┌────────
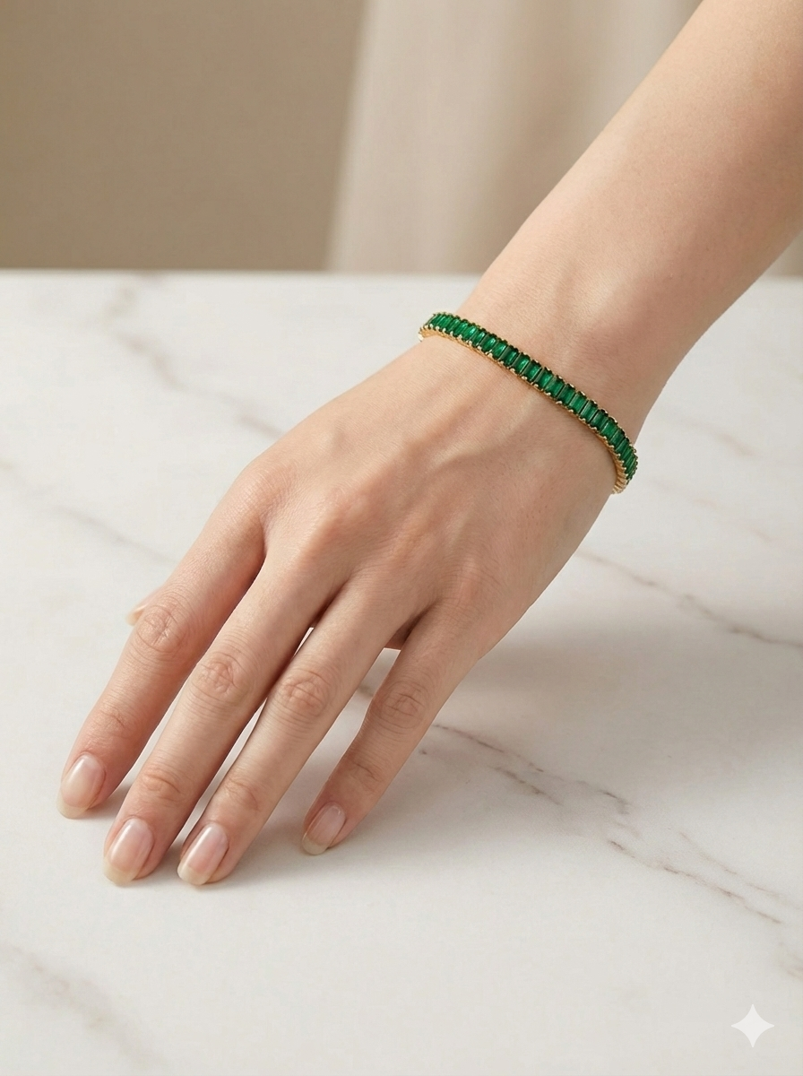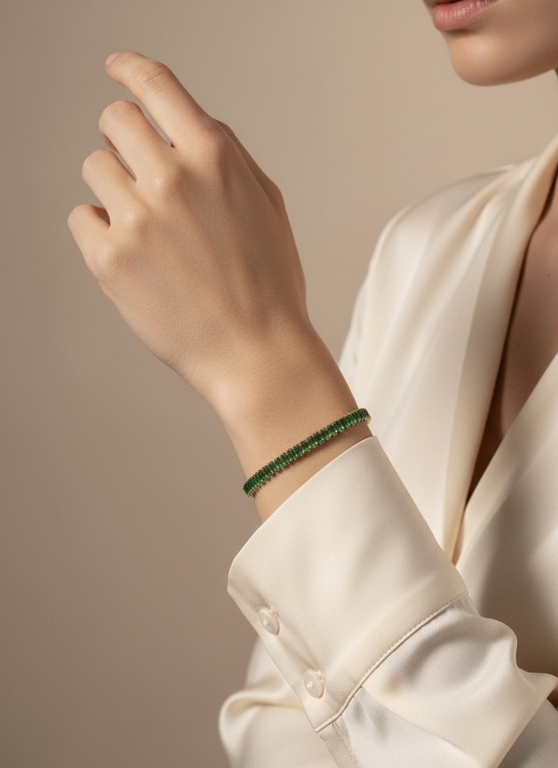 The rich green stones reflect growth, renewal, and calm strength, while the sleek gold setting keeps the look modern and effortless. It’s subtle but intentional — never loud, always present.
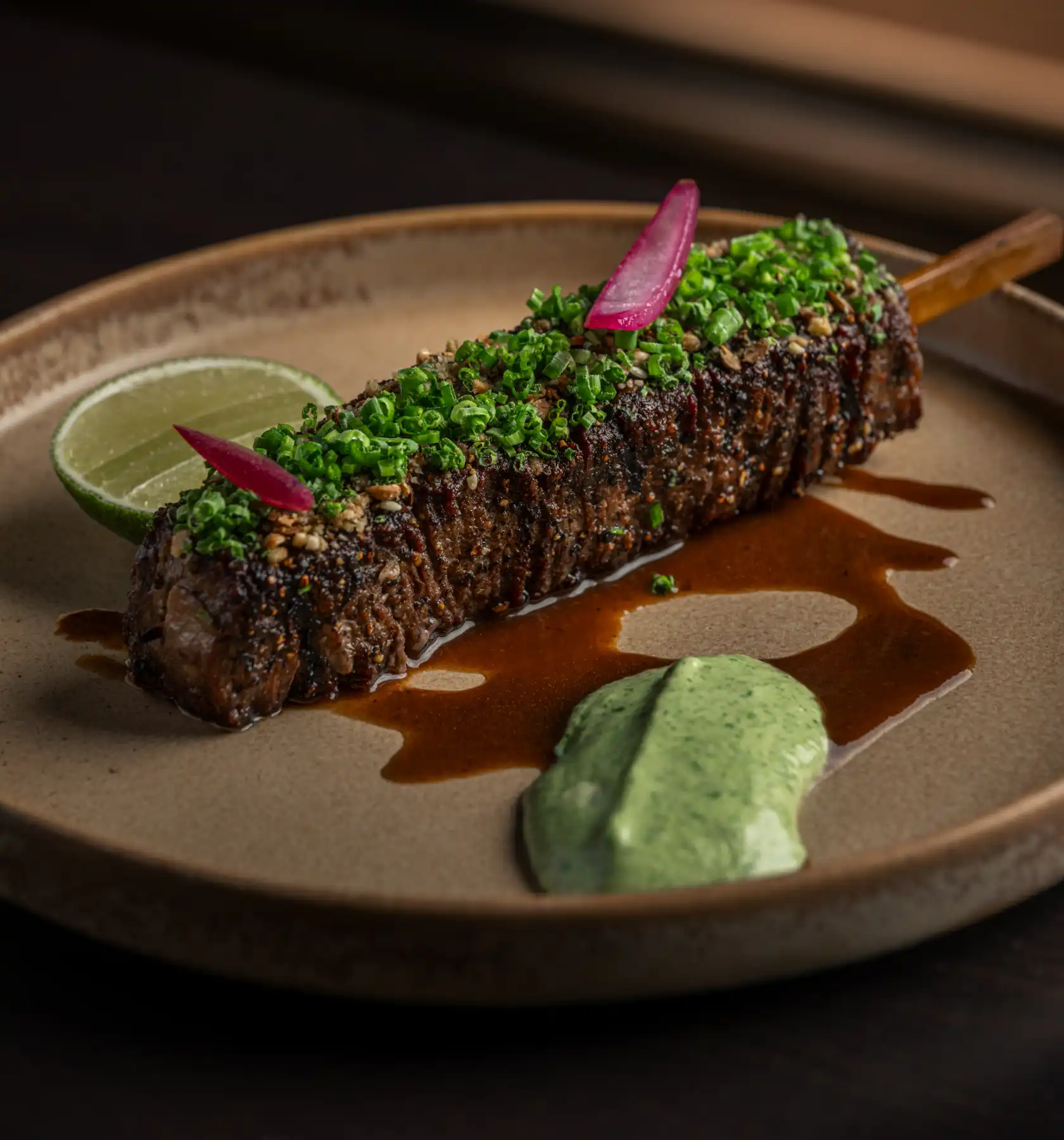 spiced Australian beef tenderloin, dukkah, coriander lime aioli, pickled onions
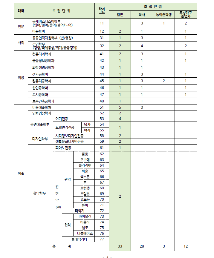 ■ 모집단위 및 모집인원
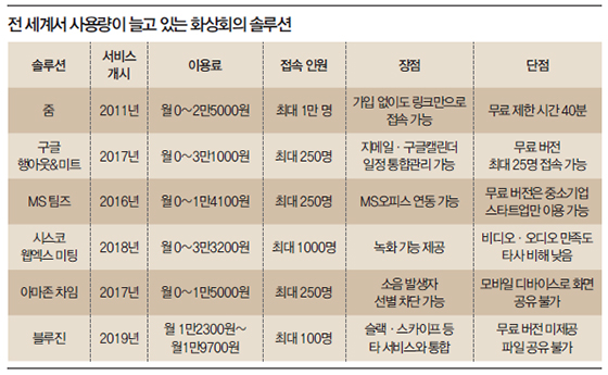 그동안 화상회의 솔루션 등에 집중하지 않았던 기업들과 개인들이 이번 계기로 어떤 서비스가 더 직관적이고 편리한 서비스인지 분간하게 되는 계기가 될 것”이라고 지적했다. 또 다른 관계자도 “현재 각종 영상회의나 IT 솔루션 관련 기업들의 춘추전국시대다. 하지만 결국 최종적으로 대중의 마음을 사로잡는 업무 솔루션은 몇 개밖에 안될 것이다. ‘포스트 코로나’ 시대에도 각광받기 위해서는 서비스의 본질을 들여다보며 장단을 분석해봐야 한다”고 설명했다.
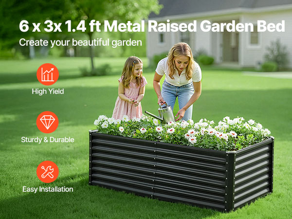 - Create a Stunning Garden: Our 6 x 3 x 1.4 ft raised garden bed provides ample growing space for your plants. Its 1.4 ft depth is ideal for medium and deep-rooted plants. Grow vegetables, fruits, flowers, and herbs in gardens, farms, fields, or open areas
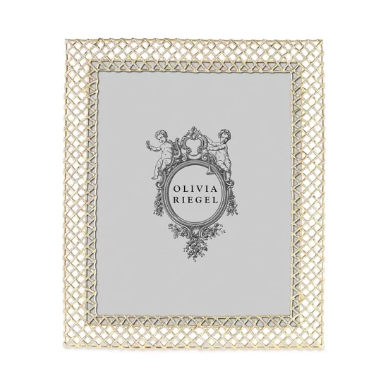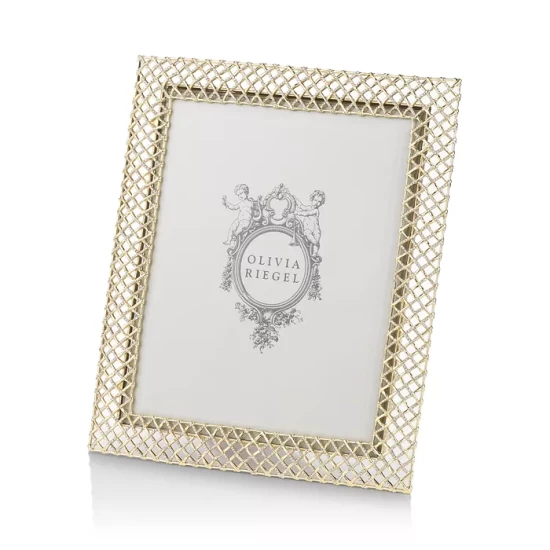 Lending sophistication to any décor scheme, Olivia Riegel’s Tristan Frame is characterized by hundreds of sparkling, hand-cut Austrian crystals encrusted into an eye-catching latticework frame.
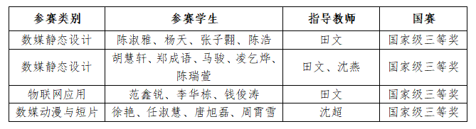 近日,2025年(第18屆)中國大學(xué)生計算機設(shè)計大賽舉辦。我校學(xué)子在“數(shù)媒靜態(tài)設(shè)計”“數(shù)媒動漫與短片”及“物聯(lián)網(wǎng)應(yīng)用”三大賽道中表現(xiàn)優(yōu)異,共獲全國三等獎4項。
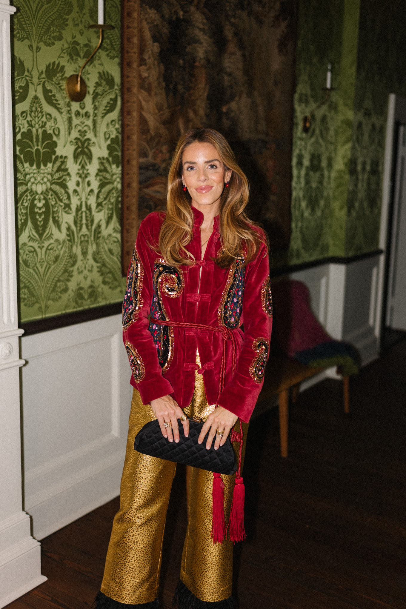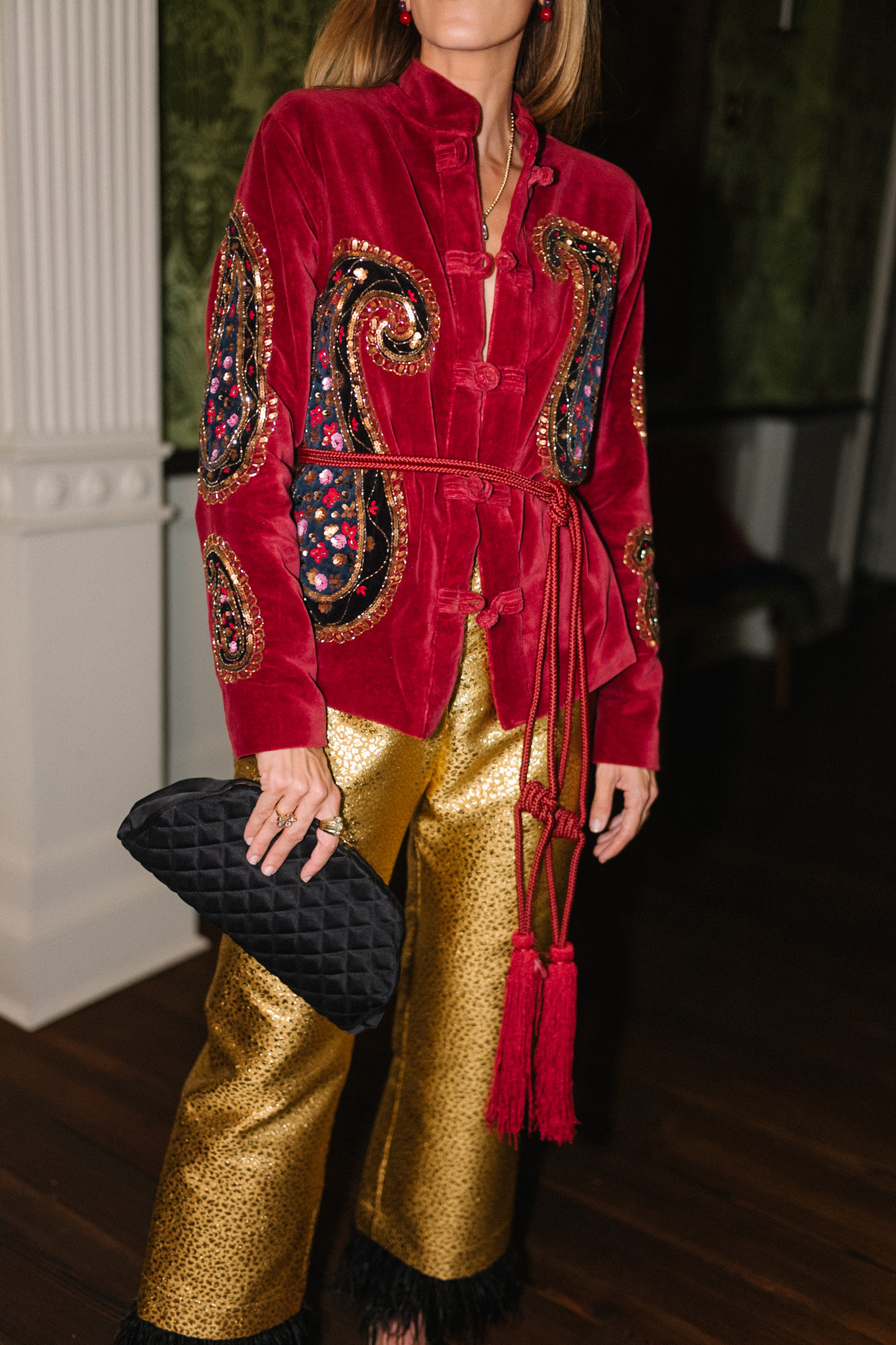 Veste Philippa 1970 (similaire ici), pantalon Eleanor Leftwich (épuisé, similaire ici), escarpins Jimmy Choo, pochette Chanel (similaire ici et ici)
└────────
_Assignment:_ In the copy, no pictures should appear; the records themselves must be repeated exactly.

_Task response:_
 The rich green stones reflect growth, renewal, and calm strength, while the sleek gold setting keeps the look modern and effortless. It’s subtle but intentional — never loud, always present.
 spiced Australian beef tenderloin, dukkah, coriander lime aioli, pickled onions
 ■ 모집단위 및 모집인원
 그동안 화상회의 솔루션 등에 집중하지 않았던 기업들과 개인들이 이번 계기로 어떤 서비스가 더 직관적이고 편리한 서비스인지 분간하게 되는 계기가 될 것”이라고 지적했다. 또 다른 관계자도 “현재 각종 영상회의나 IT 솔루션 관련 기업들의 춘추전국시대다. 하지만 결국 최종적으로 대중의 마음을 사로잡는 업무 솔루션은 몇 개밖에 안될 것이다. ‘포스트 코로나’ 시대에도 각광받기 위해서는 서비스의 본질을 들여다보며 장단을 분석해봐야 한다”고 설명했다.
 - Create a Stunning Garden: Our 6 x 3 x 1.4 ft raised garden bed provides ample growing space for your plants. Its 1.4 ft depth is ideal for medium and deep-rooted plants. Grow vegetables, fruits, flowers, and herbs in gardens, farms, fields, or open areas
 Lending sophistication to any décor scheme, Olivia Riegel’s Tristan Frame is characterized by hundreds of sparkling, hand-cut Austrian crystals encrusted into an eye-catching latticework frame.
 近日,2025年(第18屆)中國大學(xué)生計算機設(shè)計大賽舉辦。我校學(xué)子在“數(shù)媒靜態(tài)設(shè)計”“數(shù)媒動漫與短片”及“物聯(lián)網(wǎng)應(yīng)用”三大賽道中表現(xiàn)優(yōu)異,共獲全國三等獎4項。
 Veste Philippa 1970 (similaire ici), pantalon Eleanor Leftwich (épuisé, similaire ici), escarpins Jimmy Choo, pochette Chanel (similaire ici et ici)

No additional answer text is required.